INFORMATION SUPPLIED:
***

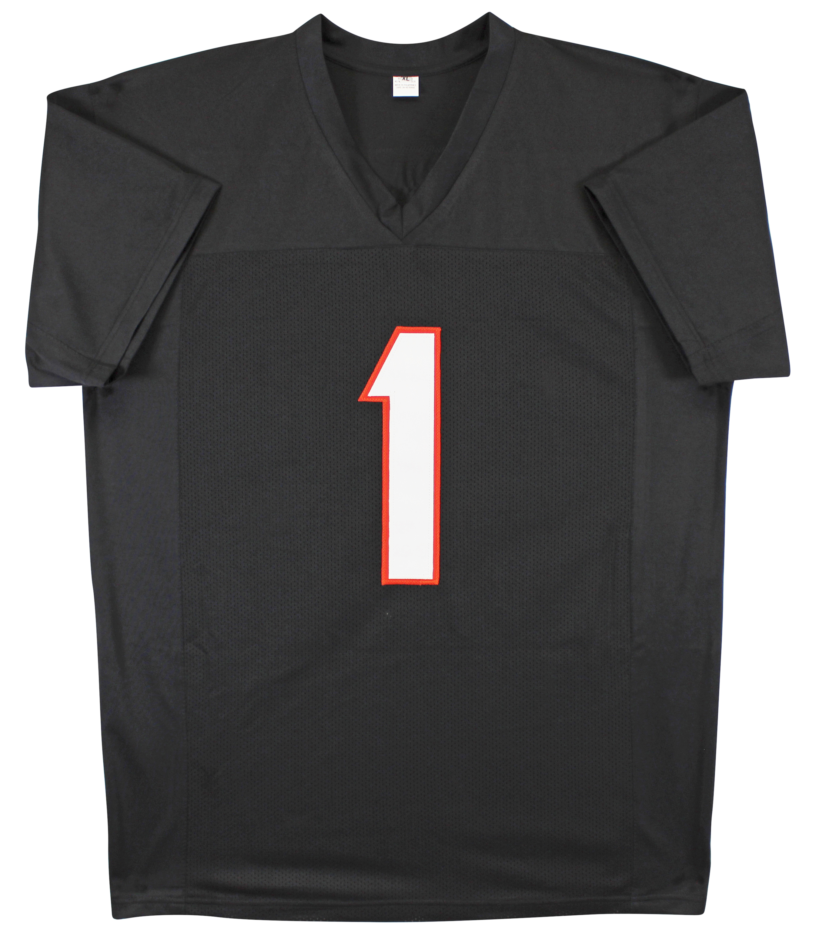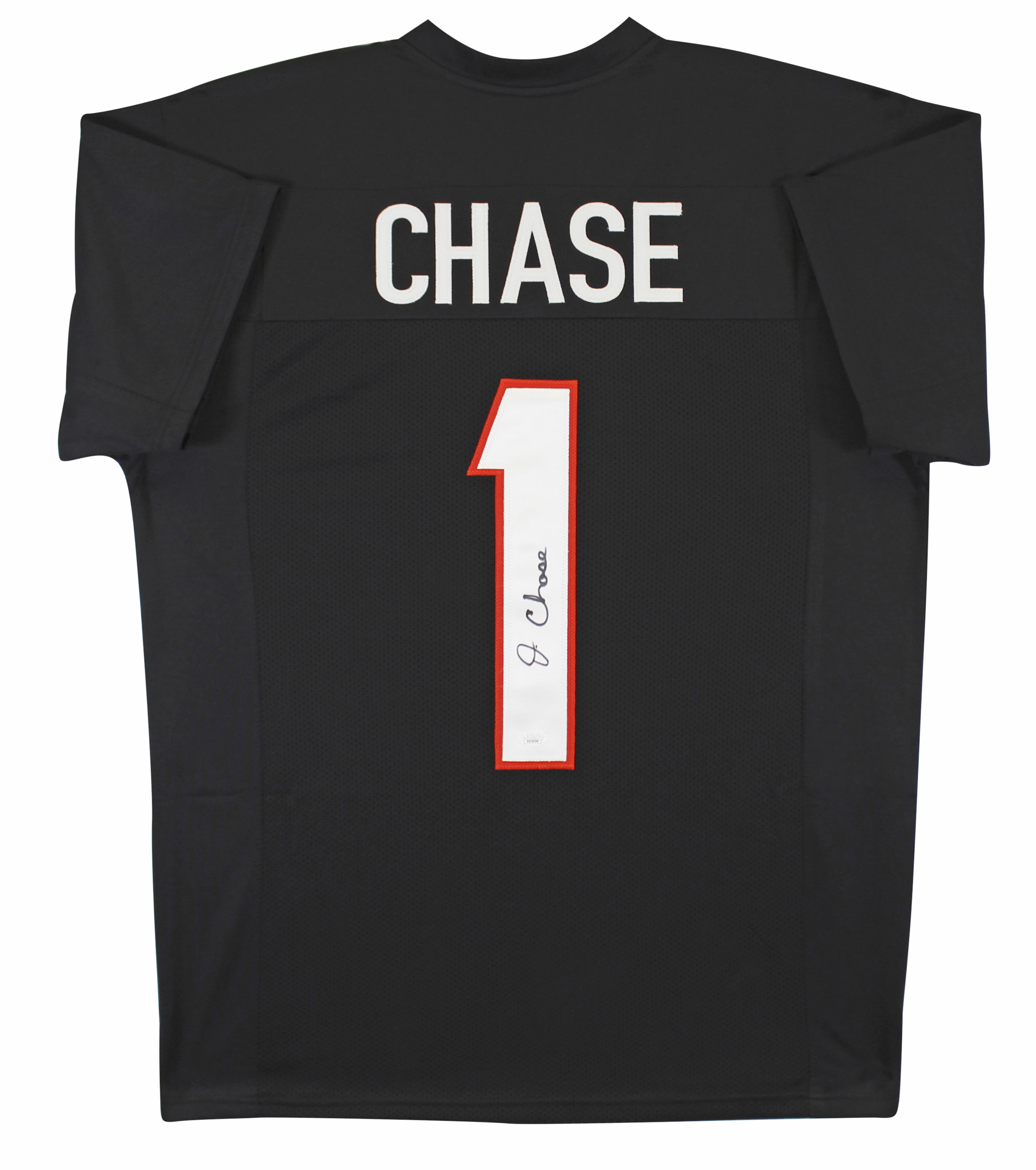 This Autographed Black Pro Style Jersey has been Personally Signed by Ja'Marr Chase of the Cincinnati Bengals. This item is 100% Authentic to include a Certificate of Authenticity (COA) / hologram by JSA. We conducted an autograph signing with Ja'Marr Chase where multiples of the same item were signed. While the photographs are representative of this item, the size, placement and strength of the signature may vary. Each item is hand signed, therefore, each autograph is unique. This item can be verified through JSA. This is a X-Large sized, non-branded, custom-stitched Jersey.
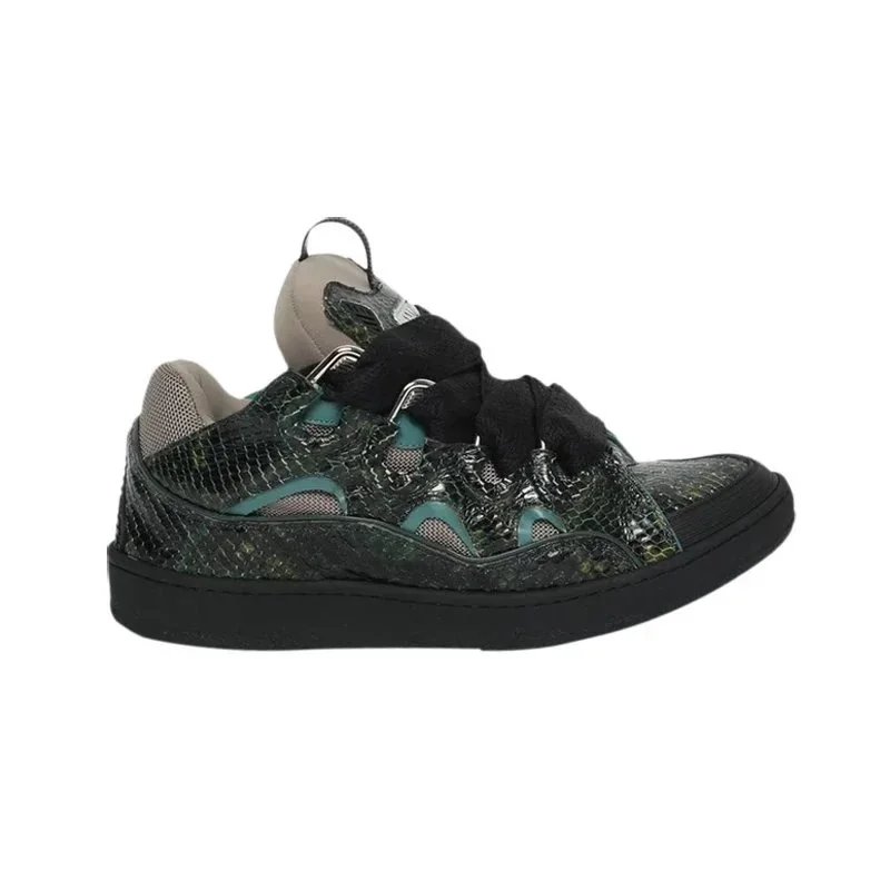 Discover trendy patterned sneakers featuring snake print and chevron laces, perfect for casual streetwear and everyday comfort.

***

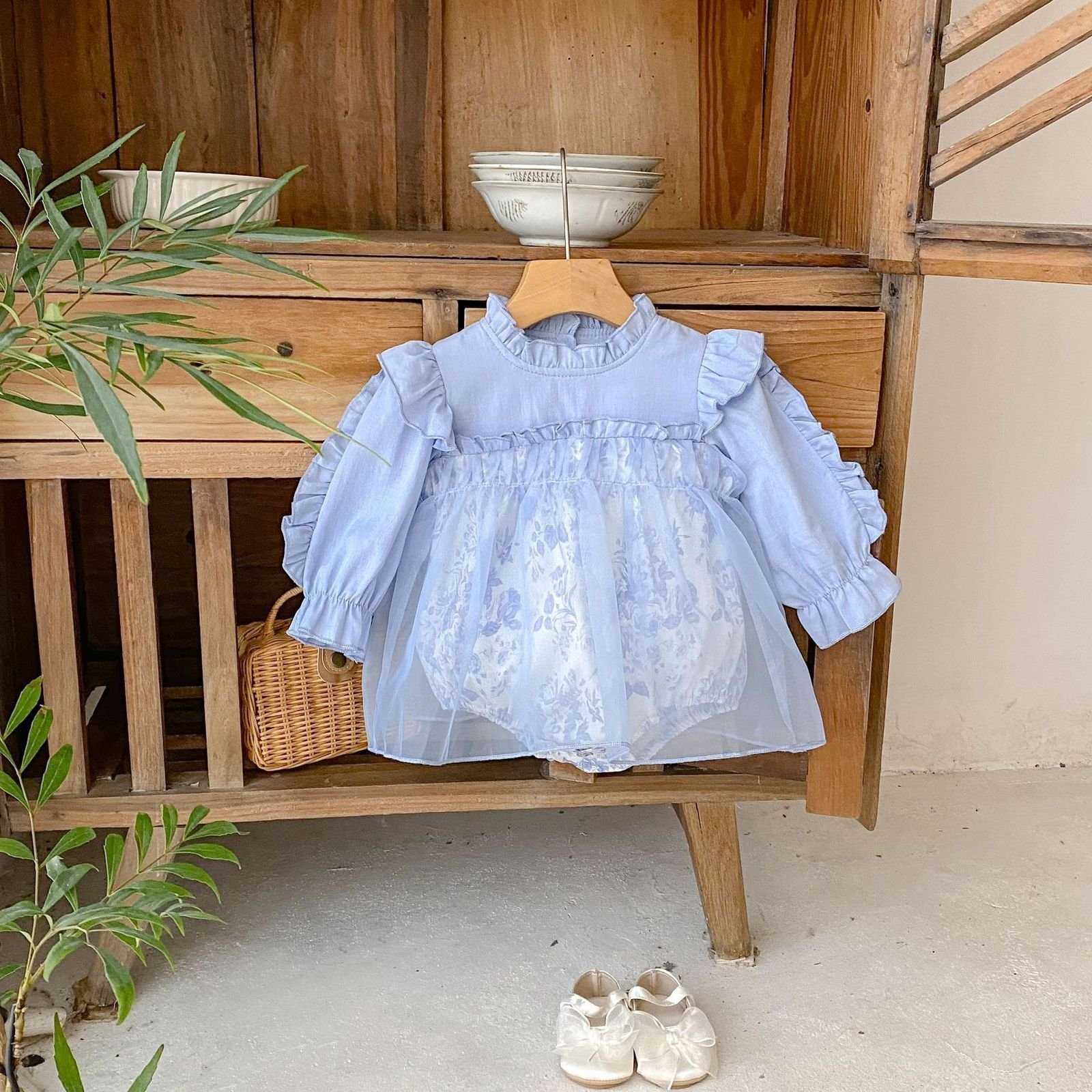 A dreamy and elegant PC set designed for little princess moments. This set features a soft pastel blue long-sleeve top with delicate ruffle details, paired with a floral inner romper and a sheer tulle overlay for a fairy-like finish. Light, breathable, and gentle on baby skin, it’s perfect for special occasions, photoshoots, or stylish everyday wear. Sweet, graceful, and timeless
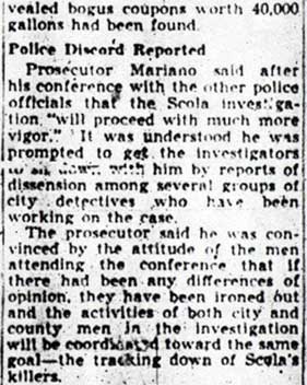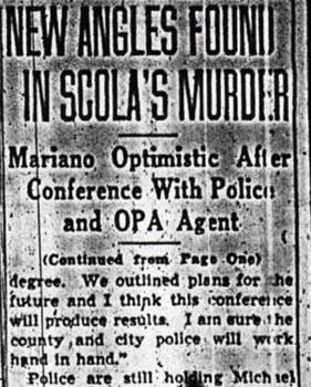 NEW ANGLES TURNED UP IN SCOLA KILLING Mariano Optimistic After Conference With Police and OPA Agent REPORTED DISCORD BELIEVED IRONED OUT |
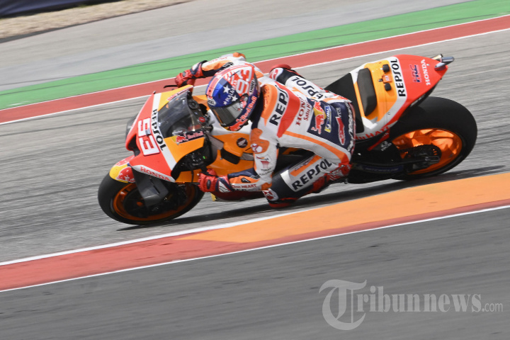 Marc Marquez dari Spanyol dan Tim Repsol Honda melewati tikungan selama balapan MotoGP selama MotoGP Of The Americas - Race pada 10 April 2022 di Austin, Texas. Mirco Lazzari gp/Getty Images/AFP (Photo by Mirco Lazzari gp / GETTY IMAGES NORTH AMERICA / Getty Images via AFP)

***

WORK ITEM: Leaving each picture behind, please give again exactly the lines above from the one with "A dreamy and" through the one with "Marc Marquez dari", both included, and no others.

SOLUTION TO THE PROBLEM:
 A dreamy and elegant PC set designed for little princess moments. This set features a soft pastel blue long-sleeve top with delicate ruffle details, paired with a floral inner romper and a sheer tulle overlay for a fairy-like finish. Light, breathable, and gentle on baby skin, it’s perfect for special occasions, photoshoots, or stylish everyday wear. Sweet, graceful, and timeless
 NEW ANGLES TURNED UP IN SCOLA KILLING Mariano Optimistic After Conference With Police and OPA Agent REPORTED DISCORD BELIEVED IRONED OUT |
 Marc Marquez dari Spanyol dan Tim Repsol Honda melewati tikungan selama balapan MotoGP selama MotoGP Of The Americas - Race pada 10 April 2022 di Austin, Texas. Mirco Lazzari gp/Getty Images/AFP (Photo by Mirco Lazzari gp / GETTY IMAGES NORTH AMERICA / Getty Images via AFP)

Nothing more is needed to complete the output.